I used to get so alarmed when things would happen. There’ve been a million incidents, rushing to the hospital, one thing after another, shocking things happening. And now something happens and I’ll just literally go out — in 2022 I had a hard time getting on a clinical trial. I got kicked off twice, and I was out of time. I got the news that I wasn’t going to get on it. And I remember thinking, Oh, well. Then I went outside and played with the dog. I just played with the dog for a while and came back in the house, and it was all right. It just doesn’t have the same effect anymore. Now it’s all for my family. I did feel terrible grief over that.
[Editor’s note: After getting bumped off the clinical trial twice, Mr. Wiman was finally accepted in 2023 and received CAR T-cell therapy in Boston that saved his life.]
Wehner: The grief people will of course understand. But why not fear? Because you said you don’t really think much about the afterlife.
Wiman: Fanny Howe had a great line in an interview where she described faith for her as just the feeling that maybe we are finally, no matter what, we are finally safe. And I remember reading that years ago and thinking, Gosh, it doesn’t make sense to me. But over the years it has made sense. I take it as one thing that God has given me, taking away that fear. I feel safe. There is some unity of existence that I feel that I’ve come to understand and participate in. I do not know what happens after death. I do not presume to have any idea. And like I said, I don’t think about it. But I feel weirdly safe. Like it’s going to be OK.

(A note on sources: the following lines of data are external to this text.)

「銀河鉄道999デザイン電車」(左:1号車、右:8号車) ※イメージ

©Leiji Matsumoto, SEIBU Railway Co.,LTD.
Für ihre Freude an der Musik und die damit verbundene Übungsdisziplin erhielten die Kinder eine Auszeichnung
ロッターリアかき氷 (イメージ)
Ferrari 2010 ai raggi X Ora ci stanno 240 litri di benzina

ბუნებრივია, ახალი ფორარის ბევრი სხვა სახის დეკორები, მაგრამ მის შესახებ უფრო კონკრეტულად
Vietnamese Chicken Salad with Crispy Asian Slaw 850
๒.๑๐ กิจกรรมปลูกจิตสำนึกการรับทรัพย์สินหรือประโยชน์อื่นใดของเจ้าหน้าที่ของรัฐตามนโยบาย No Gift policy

Wehner: I find that deeply moving. My last question: When a hundred years from now people are having a conversation about the 21st-century poet and pilgrim Chris Wiman, what do you hope they’ll say about your poetry and your faith and the connection between your poetry and your faith?

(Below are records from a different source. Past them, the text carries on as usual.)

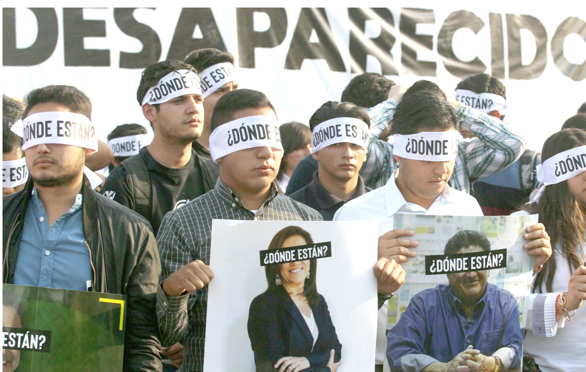
Según el Centro Nacional de Memoria Histórica, aproximadamente 80.000 personas han sido víctimas de desaparición forzada

Es la novia que sigue esperando a su novio con el cual ha de hacer realidad su felicidad y compañía. Es de verdad una sociedad que sigue creciendo en medio de la desilusión, la esperanza y el dolor. Por eso necesitamos como comunidad sanar esos dolores, encontrar la verdad de qué es lo que ha sucedido para poder restituir la confianza que se ha perdido y así construir un país en paz”.
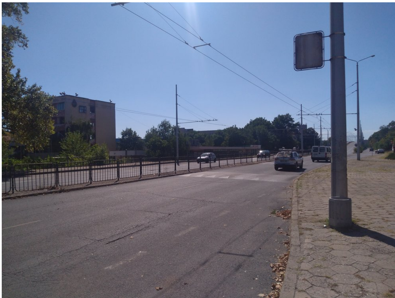
Pohled do centra.
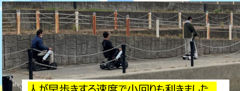
人が早歩きする速度で小回りも利きました。
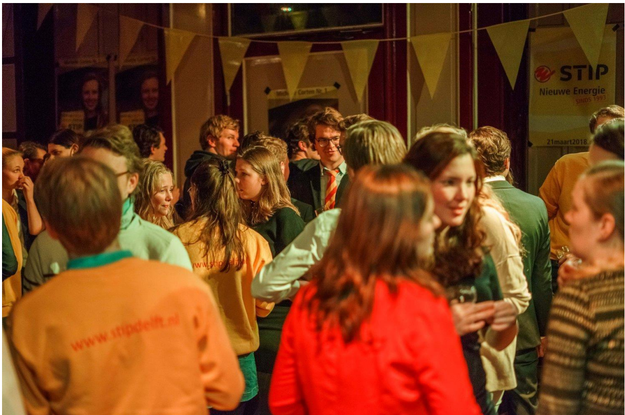
STIP'ers op een borrel op een studentenvereniging

Het campagnebestuur duurt een jaar en is grotendeels part time. Gemiddeld kosten de bestuursfuncties tussen de 10 en 14 uur per week. Het is daarmee goed mogelijk om je studie met het bestuur te combineren. Gedurende de campagne, 6 weken voor de verkiezingscampagne, zit het bestuur full time. Zo kan er volop aan de campagne worden gewerkt. De bestuurstaken vinden overwegend overdag plaats, behalve tijdens de full time periode waar ook in de avonden campagne gevoerd zal worden. Ook zullen veel van de leuke activiteiten in de avonden plaats vinden, zoals dinertjes met andere besturen.

Wiman: I’m doing an anthology right now. As I’m going through these poets and poems, I am realizing just how much gets lost. Good poets, maybe even great poets, get lost. And there’s no way to predict what the future will need. No way to tell how your own language might be bound up with conventions that the future will find grotesque or maybe even comical. You just can’t tell. So I don’t worry about it. I did worry about it when I was young. I wrote a whole book about that worry. But I don’t worry about it at all now. There’s nothing I can do about it, and I don’t seem to care.
If I were remembered, I hope I would have readers who respond to my poems in the way that I respond to certain poems by William Wordsworth, George Herbert and Emily Dickinson, or contemporaries like Kay Ryan, Alice Oswald and Anne Carson. Those are poets I love.
To tell you the truth, I’d like to be remembered as a simple Christian. I guess that means that I would be forgotten, because if I were remembered as a simple Christian, it would only be by the people who are around me, my friends and family. But I would like for them to have an awareness that at some point, I stopped thrashing around. At some point, I was just a simple Christian. That’s it. That I was able to live with the simplicity of the Christians whose lives I have admired, people I’ve known. Not famous people, just people. That is my highest aspiration at this moment.
Peter Wehner (@Peter_Wehner), a senior fellow at the Trinity Forum who served in the administrations of Ronald Reagan, George H.W. Bush and George W. Bush, is a contributing Opinion writer and the author of “The Death of Politics: How to Heal Our Frayed Republic After Trump.”